По контракту с телекорпорацией Эй-Би-Си популярный актер Джой Бишоп ведет каждую среду вечером программу из Голливуда. Очаровательный человек, но что это — траурное шоу.  

Что заготовил он впрок на нынешний вечер? Каких комиков, красоток, политиков, секс-профессоров, чечеточников во фраках или, быть может, отчаянно радикальных дам — ниспровергательниц бюстгальтеров, пионерш новейшей прозрачной моды «гляди насквозь»?  

Теперь же у него лицо философа и почти мученика. Он обсуждает вопрос: что не так с Америкой? Та же аудитория, заранее купившая билеты в голливудский зал и пришедшая с намерением повеселиться, но иные «гости» у Джоя Бишопа — Чарльз Эверс, брат убитого расистами негритянского лидера Медгара Эверса, какой-то либеральный доктор, какой-то католический священник.  

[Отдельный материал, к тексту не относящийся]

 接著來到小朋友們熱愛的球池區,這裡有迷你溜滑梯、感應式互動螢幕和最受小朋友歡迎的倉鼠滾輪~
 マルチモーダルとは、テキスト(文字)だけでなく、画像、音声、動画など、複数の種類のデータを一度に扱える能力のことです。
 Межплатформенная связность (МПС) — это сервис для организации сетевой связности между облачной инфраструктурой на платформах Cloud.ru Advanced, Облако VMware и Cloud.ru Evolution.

Седой доктор искренне страдает:  

— Американцам пора приглядеться к себе! Мы — нация лицемеров. Надо воспитывать гуманизм и изгонять насилие...  

Чарльз Эверс тоже говорит, что Америке пора проснуться, что у белых нет сострадания к черным, что национальный климат пропитан насилием и расизмом, что в его штате Миссисипи негру, укравшему цыпленка, дают десять лет тюрьмы, а белого, убившего негра, отпускают безнаказанным.  

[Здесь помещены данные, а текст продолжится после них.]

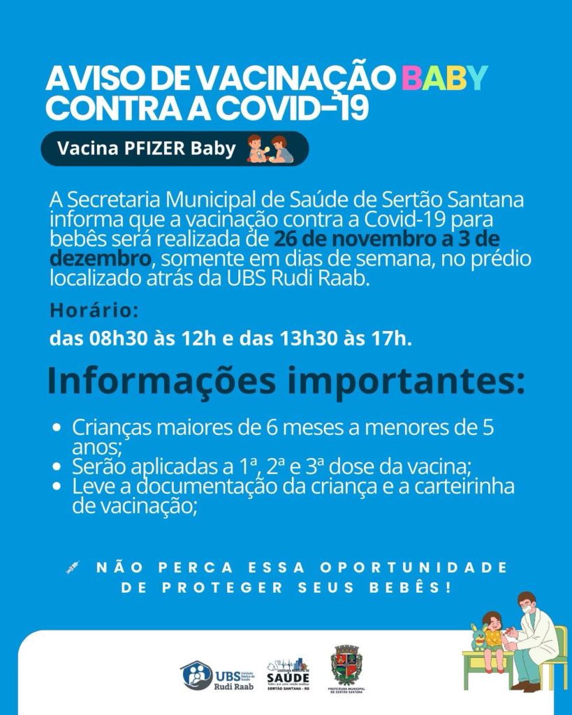 A Secretaria Municipal de Saúde de Sertão Santana iniciou a vacinação contra a Covid-19 para bebês e crianças pequenas. A aplicação da vacina Pfizer Baby ocorre entre os dias 26 de novembro e 3 de dezembro, exclusivamente em dias de semana, no prédio localizado atrás da UBS Rudi Raab.

Священник четким политическим языком обличает «колонизацию, эксплуатацию и деградацию человека».  

Джой Бишоп, как царь Соломон, решает уравновесить истину. И, доставленный радиоволнами из своей столицы в Сакраменто, возникает на телеэкране губернатор Рональд Рейган. Экран делится на две половинки. Справа бывший голливудский актер Рональд Рейган играет роль мудрого, не поддающегося эмоциям государственного мужа. Слева актер Джой Бишоп в роли мыслителя, растерянного, но не прервавшего поиски истины.  

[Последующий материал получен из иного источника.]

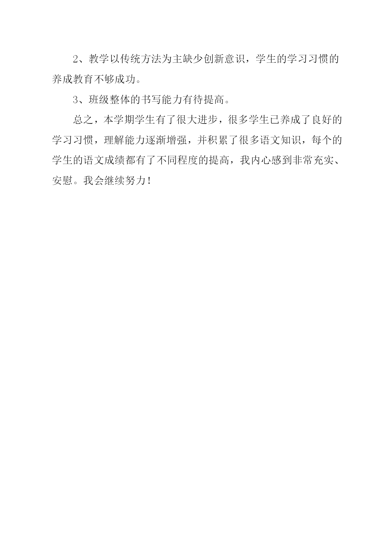 语文教学工作总结本学期,我继续担任一年四班的语文教学工作。一学期来,我认真扎实地对待教学,虚心向他人学习,在实践中积累了属于自己的教学感悟。现从以下几个方面加以总结:一、不断提高专业素养,与时俱进。为提高教学水平,给学生一个清新、明朗的课堂,本学期我认真参加集备活动,积极找问题,并请教他人,寻求解决问题的最佳途径。为了上好每一节课,我认真钻研教参、教材,并结合本班学生的实际特点,备好课,上好课。平时,我坚持独立备课,因此在课前的准备是很充分的,为加强教学常规的养成奠定了基础。课堂上,我着力抓好课堂常规。并以学生为主体,有目的、有条理地引导他们进行学习,自主获取知识。经过这段时间的训练,学生们已经学会带着问题认真地进行语文合作学习,学会了针对文本提出一些有质量的问题。课余,我积极参加各级各类组织的教研活动,还经常阅读一些教学书籍,吸收一些适用的方法,更新一些教学理念,从而促进自身专业的发展。二、积极开展语文活动,全面激发学生学习语文的兴趣。一期来,在教学方法上,我总结出了儿歌识字,字谜识字,形象识字,游戏识字,编故事识字等一系列学生喜欢的识字教学方法。平时,我尽量让学生多识字。除了课内识字外,我还鼓励学生在课外识字,引导学生平时留心观察,随时随地识字。课外书,同学朋友的名字,学校各处的名称以及大街上的广告牌,家里的报纸、包装袋、超市的货柜都是我们一年级小朋友识字的好地方。低年级的词语教学是巩固识字、提高语文素养的重要组成部分,在以往的教学过程中我更多关注的是学生对词语是否正确地认读,词语的积累重视不够,而本期我注重了这一点。经过一系列的词语积累练习后,大大丰富了学生的词语库,从而提高学生课堂表达能力。针对本班学生的特点和实际,本着“扎实打基础,认真来学习”的原则,除上好语文课以外,我还组织了以下活动:一是坚持早自习引读生字笔顺训练,培养学生识记生字以及正确书写的能力。二是天天少量的课外阅读活动,提高学生拼读水平,培养学生独立阅读的能力,拓展学生的知识面。三是开放式作业,促进学生观察、思考习惯的养成,鼓励学生在生活中学语文。三、加强后进生转化工作,缩短学生差距。本班个别学生与其他同学存在着较大的差异,为促使每位学生能在原有的基础上都有所发展,我“抓两头,扶中间”。注重培养优生的特长,同时,在班中成立“互助”小组,利用结对子形式,课外加强辅导工作,课堂中创设机会,给予鼓励,培养学生的学习兴趣,促使每一位学生都有提高。四、存在不足与今后打算:1、班级发展不平衡,一年级的学法指导工作还有待进一步加强,教学成绩仍然欠突出,还需提高;2、教学以传统方法为主缺少创新意识,学生的学习习惯的养成教育不够成功。3、班级整体的书写能力有待提高。总之,本学期学生有了很大进步,很多学生已养成了良好的学习习惯,理解能力逐渐增强,并积累了很多语文知识,每个的学生的语文成绩都有了不同程度的提高,我内心感到非常充实、安慰。我会继续努力!

— Губернатор, —спрашивает Бишоп, — не пора ли запретить продажу огнестрельного оружия, столь дешевого и доступного в Америке?  

Губернатор, сгустив мудрые морщинки возле глаз, словно компенсируя ими убогий лоб киноковбоя, отечески разъясняет Джою, что не в этом законе дело, что человек найдет оружие, если хочет совершить политическое убийство.  

Блеснув эрудицией, он почему-то вспомнил убийство в Сараеве «австро-венгерского императора», имея, очевидно, в виду эрц-герцога Фердинанда.  

Разговоры о больной Америке — «чепуха». Всему виною юридическая распущенность и либерализм.  

Сейчас, когда тяжело ранен молодой сенатор Кеннеди, «иностранные писатели вострят перья», чтобы еще раз очернить Америку, но это либо ее враги, либо те, кто близоруко забыл, что Америка спасает мир от «варваров».  

Он так и сказал — от варваров, и в этот патетический миг в зале зазвучали аплодисменты, и по лицу губернатора пробежала тень удовлетворения.  

— Простите, губернатор, нам придется прервать вас, — сказал Бишоп с извинительно-брезгливой гримасой, но не губернатору была адресована его брезгливость.  

Опустив руку под стол, наш философ с той же несколько брезгливой миной извлек какую-то штучку.  

Была это консервированная пища для собак или менее драматический препарат «дристан» от головных болей? Не помню — в ущерб документальности изложения.  

По была, была эта штучка, и, покатав в ладони, Джой Бишоп выдвинул ее в центр, под телевизионные лучи, поставил на свой стол, произнес магическое слово product — продукт и покорно исчез.  

Исчез губернатор Рейган.  

Все исчезли. На минуту зал отключили.  

Пошел рекламный фильм компании, которая в этот вечер оплачивала траурное шоу Бишопа, гневные филиппики его гостей, патриотический раж губернатора.... К концу шоу Джой Бишоп попросил священника помолиться за раненого сенатора. Все четверо склонили головы, и речитативом священник вознес к богу совокупную просьбу спасти жизнь Роберта Кеннеди, а Америку— от зла колонизации, эксплуатации и деградации человека.  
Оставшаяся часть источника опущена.